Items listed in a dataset
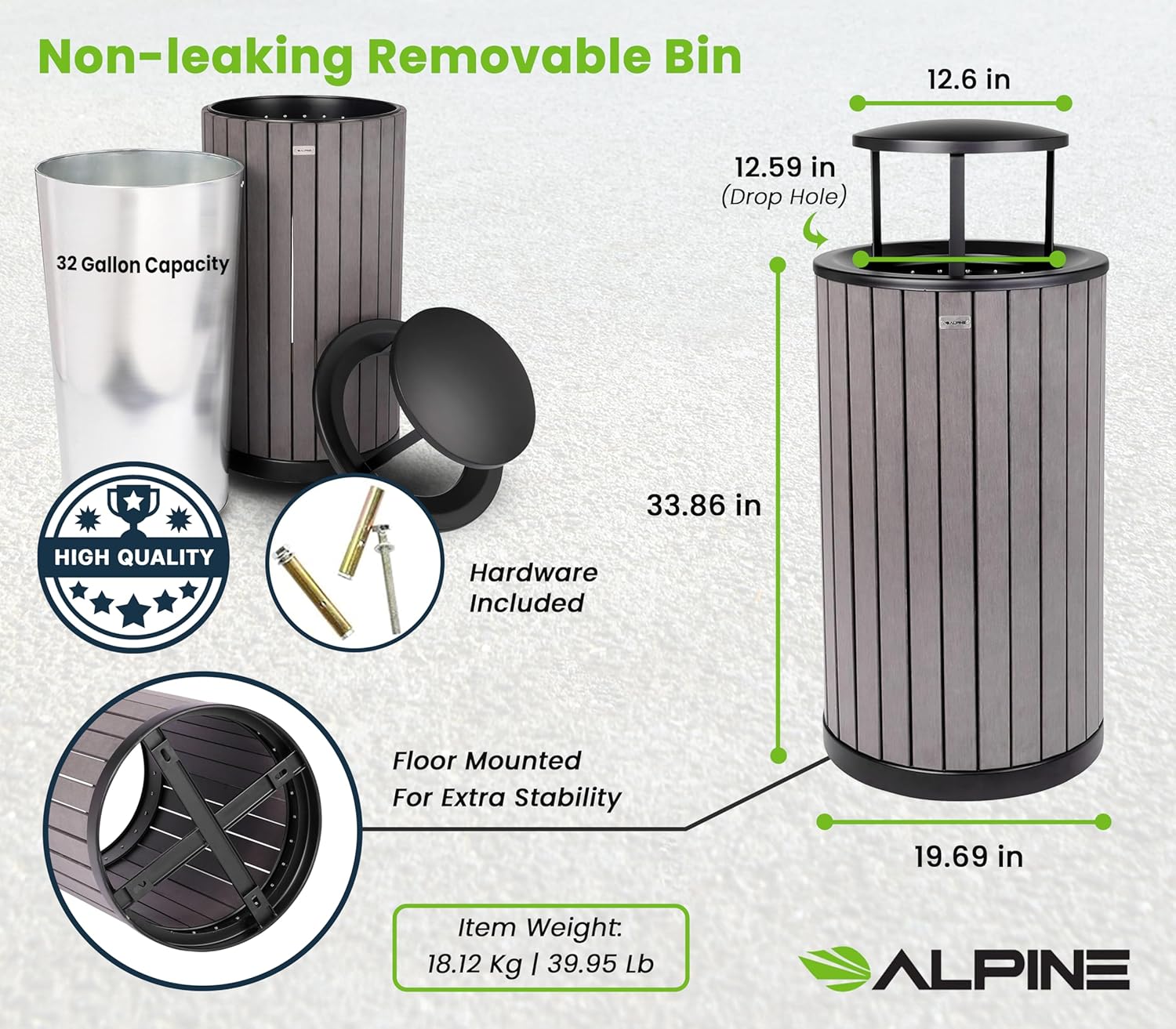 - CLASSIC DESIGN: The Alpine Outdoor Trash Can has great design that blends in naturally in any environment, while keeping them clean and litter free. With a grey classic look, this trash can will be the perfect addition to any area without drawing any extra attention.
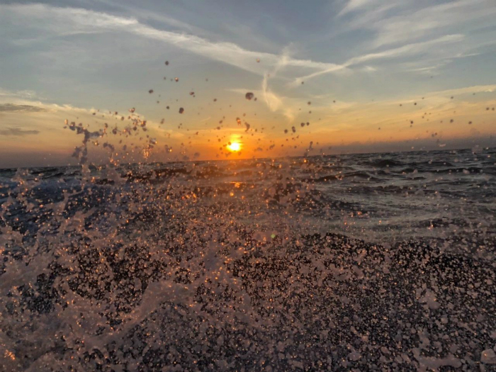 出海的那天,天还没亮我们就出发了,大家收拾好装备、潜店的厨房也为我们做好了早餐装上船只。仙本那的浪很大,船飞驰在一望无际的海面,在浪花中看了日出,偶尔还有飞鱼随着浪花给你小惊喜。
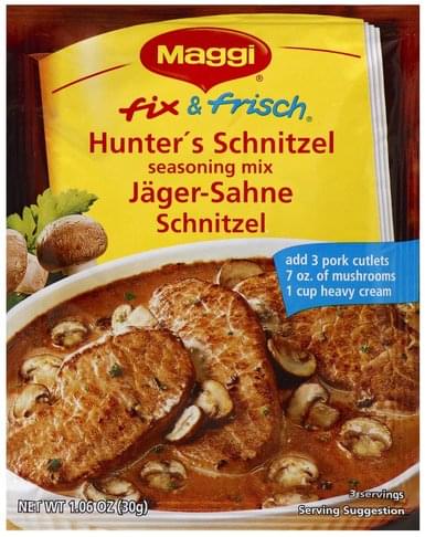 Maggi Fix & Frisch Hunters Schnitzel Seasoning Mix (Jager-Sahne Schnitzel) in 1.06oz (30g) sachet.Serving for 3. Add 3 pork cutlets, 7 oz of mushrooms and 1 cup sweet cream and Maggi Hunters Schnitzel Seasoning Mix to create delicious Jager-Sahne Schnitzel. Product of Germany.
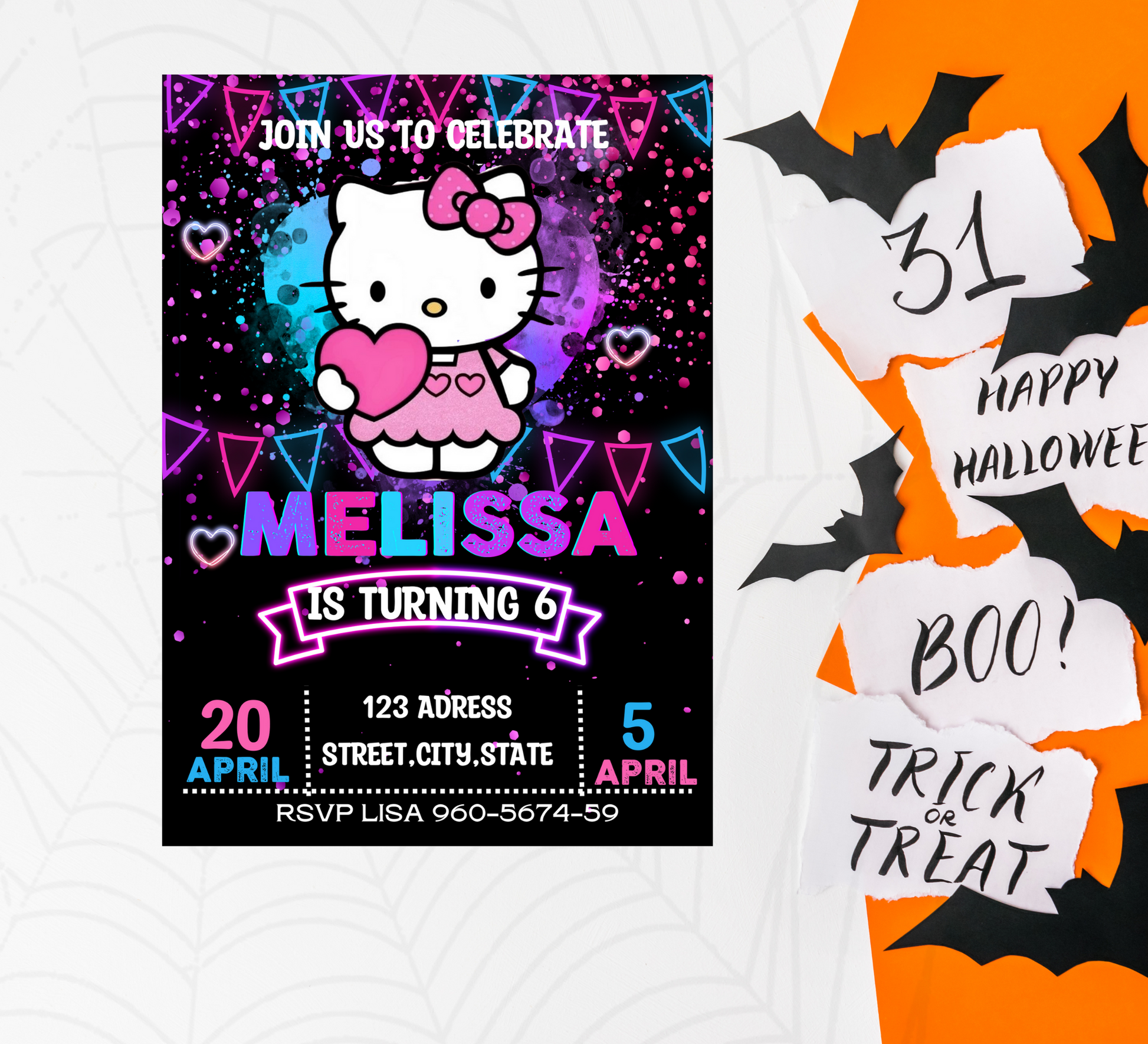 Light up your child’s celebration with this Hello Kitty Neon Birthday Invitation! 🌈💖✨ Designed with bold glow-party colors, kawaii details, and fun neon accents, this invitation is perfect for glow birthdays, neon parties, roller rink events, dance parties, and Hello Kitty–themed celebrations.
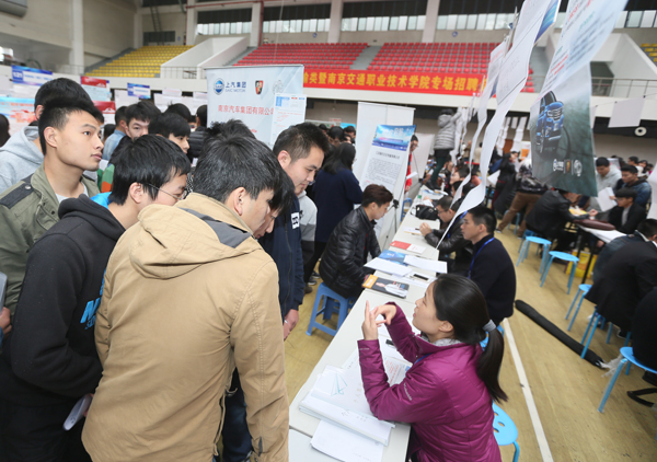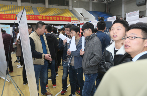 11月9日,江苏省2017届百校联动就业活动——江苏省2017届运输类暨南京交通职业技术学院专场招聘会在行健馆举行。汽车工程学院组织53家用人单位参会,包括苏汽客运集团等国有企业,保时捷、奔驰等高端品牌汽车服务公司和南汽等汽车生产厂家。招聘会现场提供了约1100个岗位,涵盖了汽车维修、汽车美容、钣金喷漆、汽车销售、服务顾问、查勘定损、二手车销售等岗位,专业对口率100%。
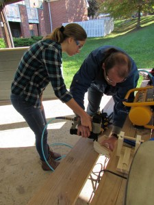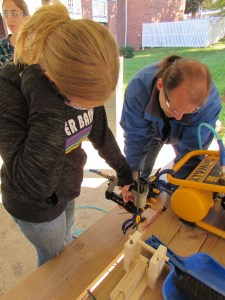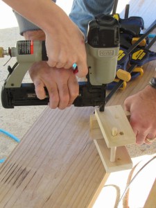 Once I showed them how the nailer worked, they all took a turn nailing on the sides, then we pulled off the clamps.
==
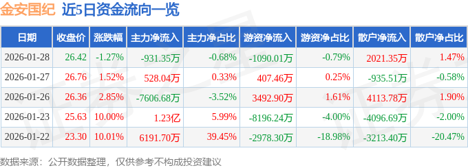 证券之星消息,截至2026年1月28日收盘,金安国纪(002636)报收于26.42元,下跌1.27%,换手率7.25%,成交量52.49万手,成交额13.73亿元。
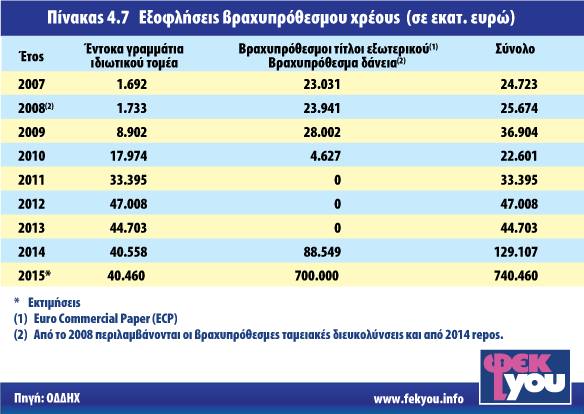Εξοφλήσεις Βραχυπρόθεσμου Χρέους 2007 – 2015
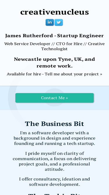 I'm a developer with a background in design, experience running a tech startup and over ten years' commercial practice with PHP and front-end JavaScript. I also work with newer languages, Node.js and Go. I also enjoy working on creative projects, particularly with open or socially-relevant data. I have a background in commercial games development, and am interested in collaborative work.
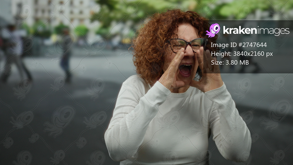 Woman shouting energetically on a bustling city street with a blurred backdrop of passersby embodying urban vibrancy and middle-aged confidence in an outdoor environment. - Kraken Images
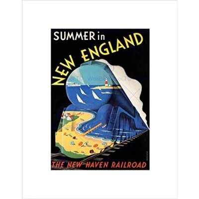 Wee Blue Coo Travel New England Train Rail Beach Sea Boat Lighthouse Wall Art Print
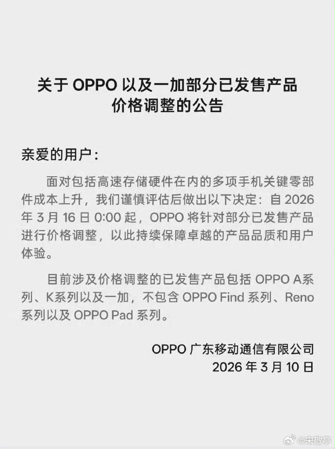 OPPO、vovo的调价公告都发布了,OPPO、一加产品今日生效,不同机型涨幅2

# The task
Only one stretch of the data is wanted: write out exactly the lines from the one holding "Εξοφλήσεις Βραχυπρόθεσμου Χρέους 2007 – 2015" through the one holding "OPPO、vovo的调价公告", both included, without the pictures.

# Problem solution
Εξοφλήσεις Βραχυπρόθεσμου Χρέους 2007 – 2015
 I'm a developer with a background in design, experience running a tech startup and over ten years' commercial practice with PHP and front-end JavaScript. I also work with newer languages, Node.js and Go. I also enjoy working on creative projects, particularly with open or socially-relevant data. I have a background in commercial games development, and am interested in collaborative work.
 Woman shouting energetically on a bustling city street with a blurred backdrop of passersby embodying urban vibrancy and middle-aged confidence in an outdoor environment. - Kraken Images
 Wee Blue Coo Travel New England Train Rail Beach Sea Boat Lighthouse Wall Art Print
 OPPO、vovo的调价公告都发布了,OPPO、一加产品今日生效,不同机型涨幅2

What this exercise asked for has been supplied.